[Rudolph Eucken by Abel J. Jones]@TWC D-Link bookRudolph Eucken CHAPTER IV 5/8
Is it not strange how it is that man often serves but as a mere instrument for the realisation of an idea, and how he is often carried away by an idea to do things which are against his own personal interests and desires? And when he and his generation have passed beyond human sight, we often find a new generation direct their endeavours in the same way, and we wonder what is behind such a continuity in the struggles of mankind. The history of great personalities in the realms of literature, art, and science show in a remarkable way how men have risen above the influences of their time, and beyond the cramping tiredness of the mere flesh. Could a great thinker like Aristotle be entirely conditioned by flesh and environment? And what of the great artists and poets who have conquered the chains of mortal finitude and breathed of higher worlds? Every one of them is a convincing testimony of the possibility of mankind transcending the material, and taking unto itself of the resources of a deeper world. Then the dissatisfaction of the ages with their limited knowledge of truth cannot but tell of a great eternal something that stirs at the basis of the human soul.

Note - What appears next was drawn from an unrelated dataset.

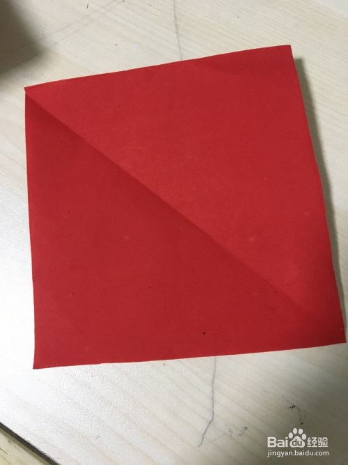 取一张正方形红色纸两角对折好,在上面写上春字的一半。

The people of to-day find the various systems of the day inadequate; they search for something higher, and the mere fact that they search beyond matter and the mere subjective human qualities is in itself a testimony to the existence of a world higher than the material and subjective. What is it that makes it possible for one human being to "live into" the experience of others who lived long ago, and for the present to conquer and alter the past? How can we account for the eternal trait in thought, for the unchanging laws of logic, for the consistency of moral ideals, and their transcendence over flesh and immediate circumstances? What is the force behind the idea, and how can we account for the continuous struggle of mankind in certain directions? And, finally, what is it that makes it possible for men to rise beyond themselves, to shake away the shackles of matter and vicinity, and to delve deep into the profounder world? If we can find what it is that makes all this possible, then surely we have found the greatest thing in the world--the reality.
And Eucken's answer is clear and definite.

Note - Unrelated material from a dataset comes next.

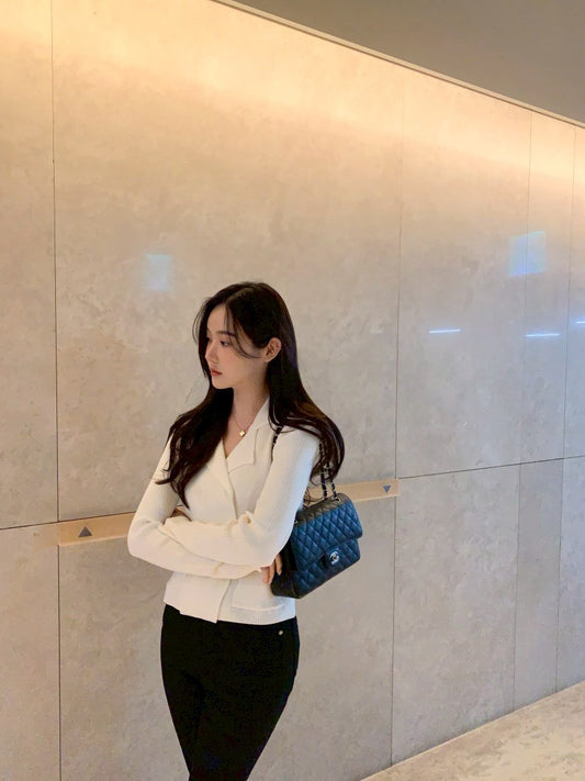 • Thu. 簡約西裝針織雙排扣上衣 白/黑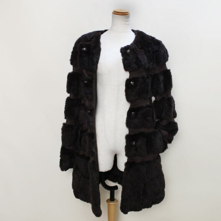 RB4848ABR1063 ラビット ファー ・ アクリル レイヤード ノーカラー コート ブラウン 送料無料 レディース ギフト プレゼント

It must be something that persists, is eternal and independent of time, and it must extend beyond the individual to a universal whole.
This must be "the Universal Spiritual Life," which, though eternal, reveals itself in time, and though universal, reveals itself in the individual man, and forms the source from which the spiritual in man "draws its power and credentials." This, then, is the result of Eucken's search for reality--he has found it to exist in a Universal Spiritual Life.